深夜の一時、終電が終わったこんな時間に帰ることは何度かあった。そのときは営業車を使うのだが、くたくたに疲れていてまっすぐ駐車場に向かって歩いてる。じっくりとビルを眺めることなんてない。ふぉれすとビルはいつもとは雰囲気が違っていた。
照明はすでに消えている。展望レストランは一〇時三〇分までやっていて、その時間まではビルの内側から照明を透過させ幾何学的な柱と梁の構造を輝かせている。だが、この時間では真っ暗だ。
分譲住宅やアパートが建っているエリアはあえて少し距離を取っている。その方が精神衛生上よろしいということでだ。コンビニも五百メートル下に離れている。この場所は孤立していた。
闇の中にぼんやりとシルエットだけが浮かぶ巨大建造物は岩山や要塞のようで、いつも通勤しているオフィスビルというよりも得体の知れないなにかが住んでそうだ。

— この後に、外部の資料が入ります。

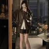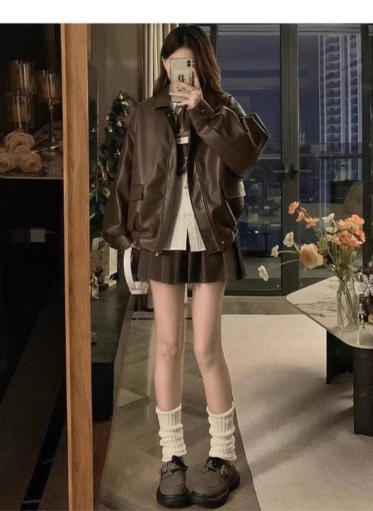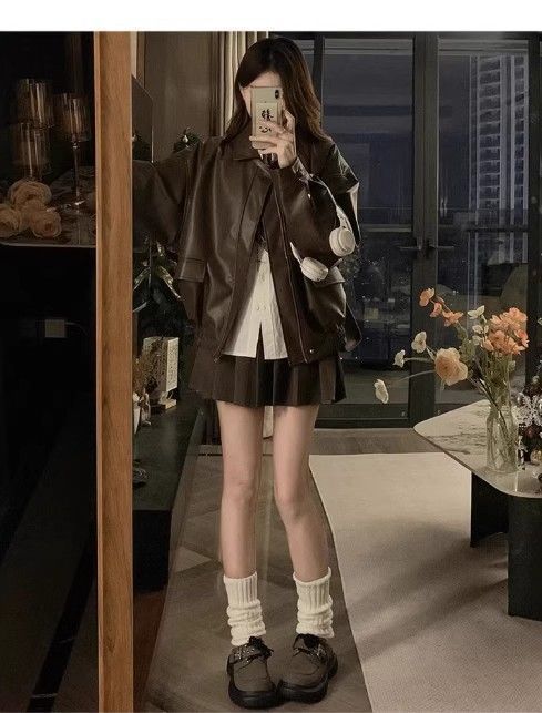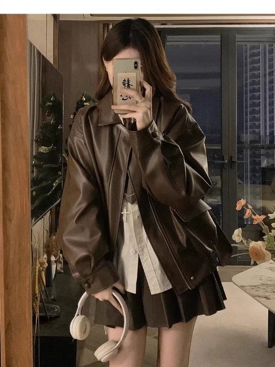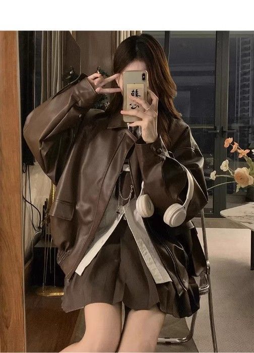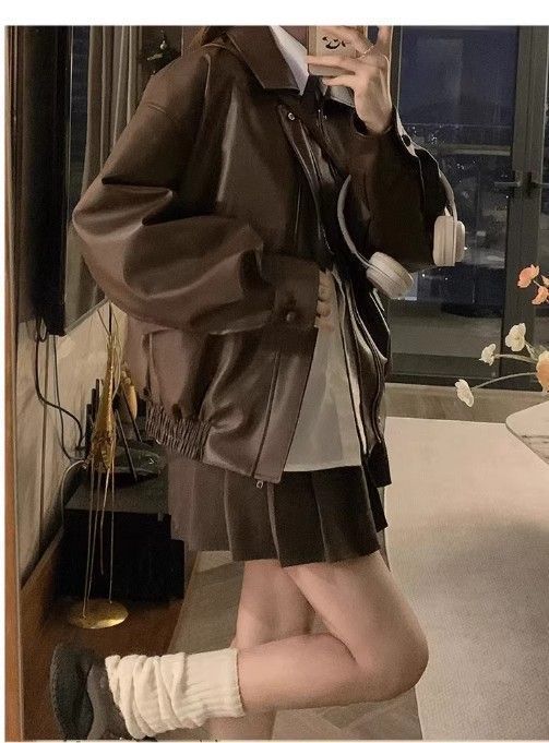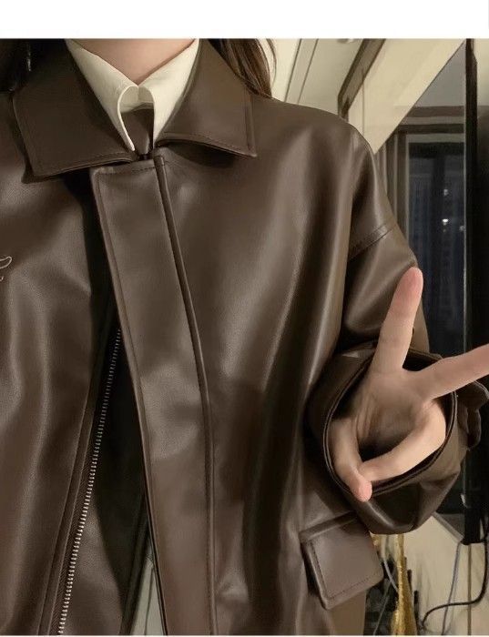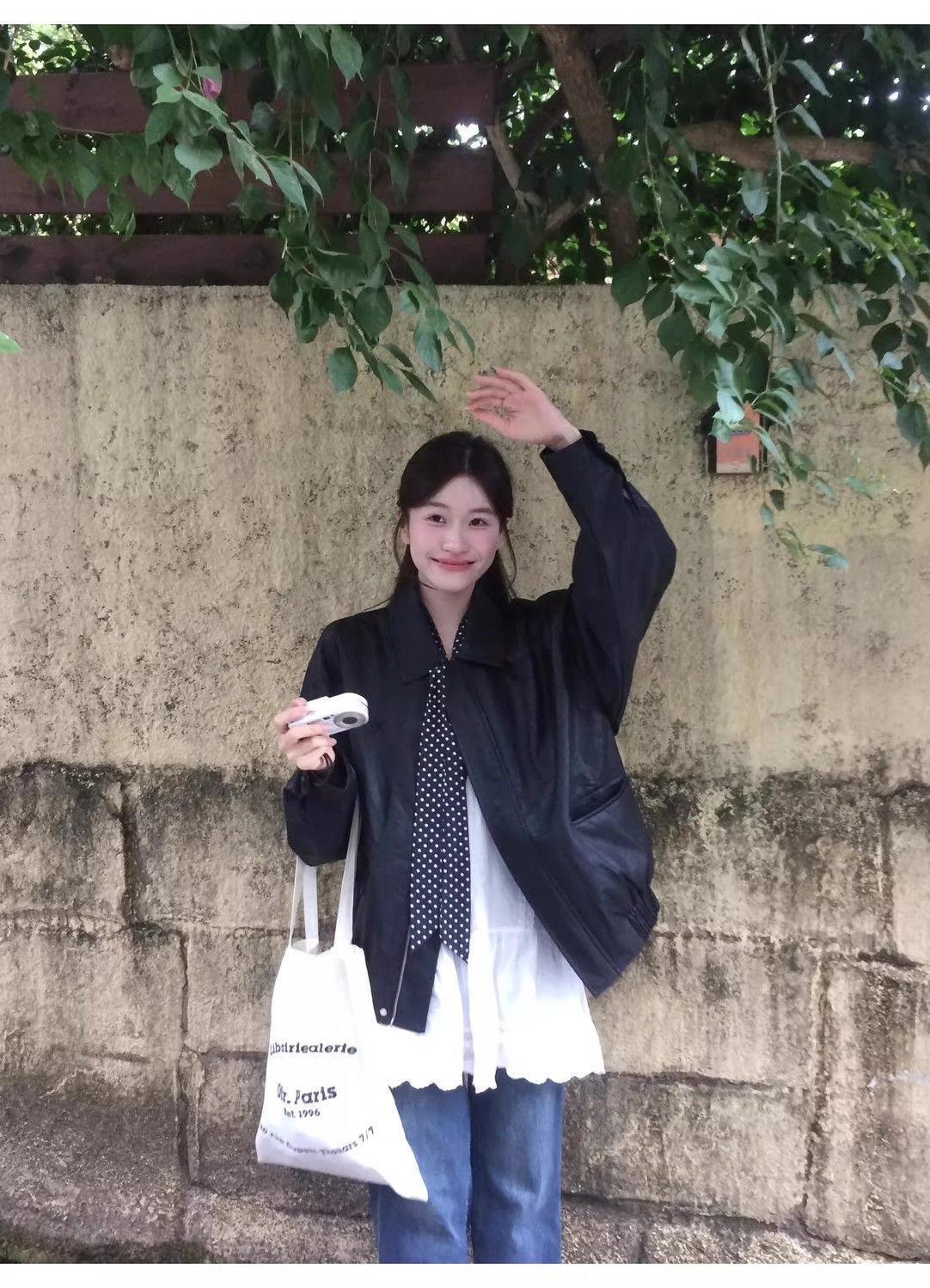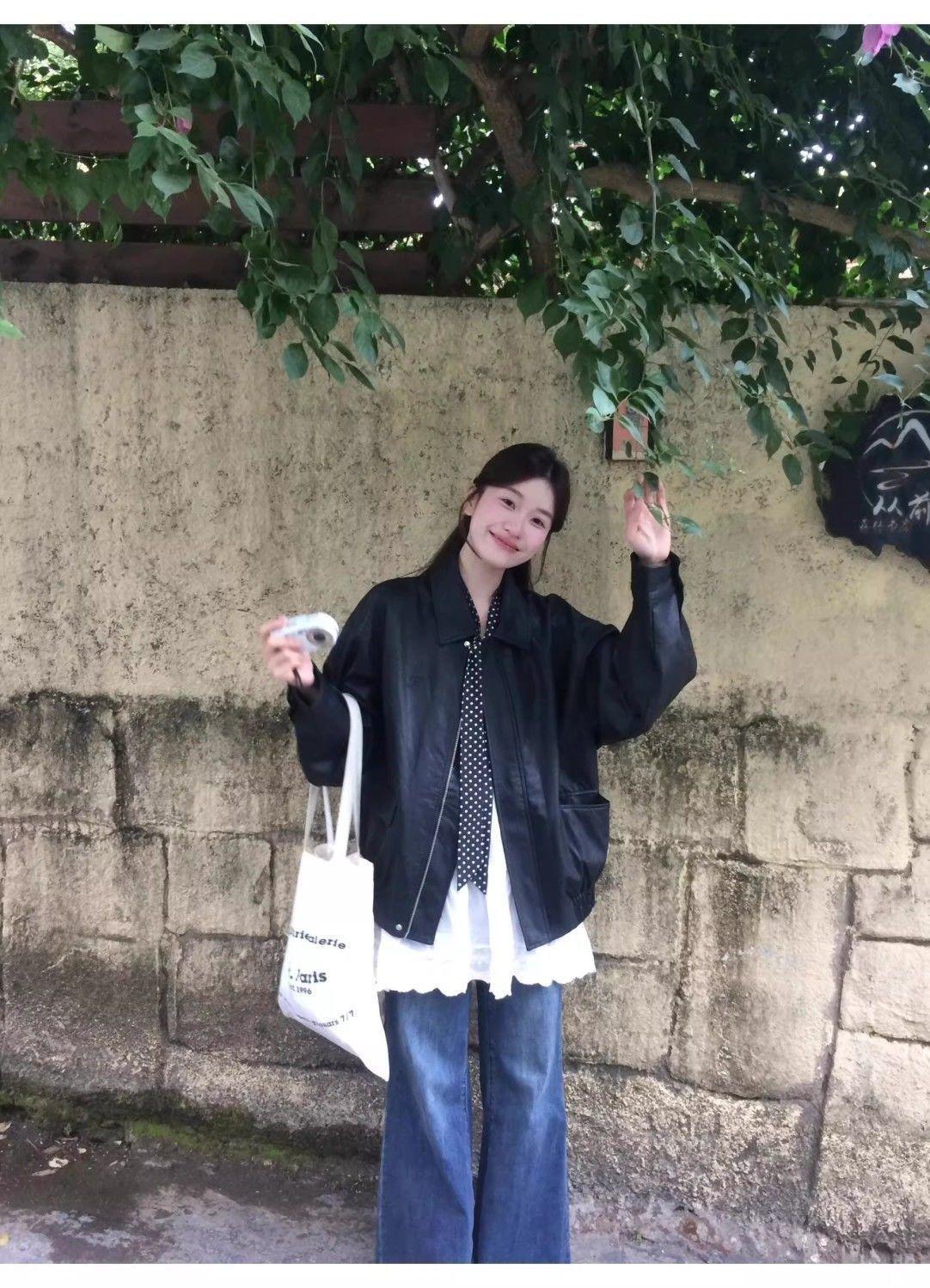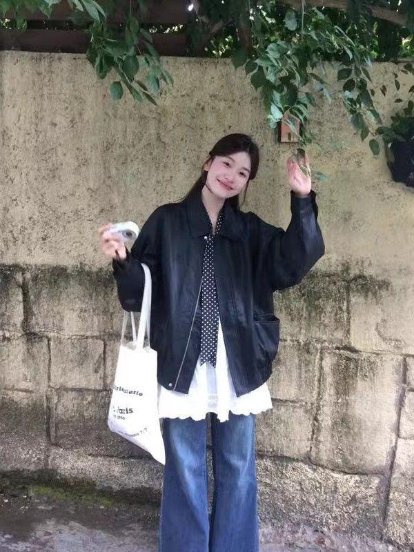 Chaqueta de Cuero Negra para Mujer 2025 Primavera y Otoño Nueva Chaqueta de Moda de Alta Gama para Figuras Petite Estilo Cool

人工的に造られた街であった。暗い夜空の底にあって、その作り物の街は光の届かない海底の魚礁のようだ。造られたばかりでまだ魚が居着いていない。
違和感は小学生の頃、学校に宿泊体験をしたときの感慨に近い。いつもの場所がいつもの場所じゃない。ここは何処なんだと思う。こんな山の中を切り開いてビルを造るということがとても異質だと気づかされる。
ヤオヨロズふぉれすとは開発途中だった。今後、ホテルやホテルと一緒になった第二のオフィス棟も建設予定だ。でも、夢の未来都市という喧伝とは逆にゴーストタウンのように思えた。鉱山街や軍艦島、百年、千年後の未来に行って、すでに廃墟となったビルを眺めているように錯覚する。
たとえば千年後にこのふぉれすとは遺跡となって残るのだろうか。
有史以来、巨大建造物は遺跡として現代まで残っているものがたくさんある。現代の人類が作り出した巨大な建造物のうちいくつが残るのだろう。
現代では高層のビルは珍しいものではない。たくさんある。その時代の一番大きなものは文化遺産として残るだろうけど、そうでないものはきっと残らない。
ここはどうか? ふぉれすとビルは国内で見ても、それほど高層な訳ではない。ただ、それまでの鉄とコンクリートによるものとは違い、本格的な木造のものとしては初めての高層建築として知られていた。どうしても後世へ継承しなければならない価値がそこにあるだろうか。そうでないなら、建物としての機能が必要じゃなくなったときに失われるだろう。
廃墟になるのだろうか。いや、廃墟にさえなれないかもしれないと思う。廃墟として遺跡として保存されるならいい。そうではなくて全くの更地になって、いつしか森に覆われてしまうか、その上にまた新たななにかが建設されるか。
ほんとうは、すべての巨大な建造物は廃墟となる栄誉を目標に造られているのかもしれない。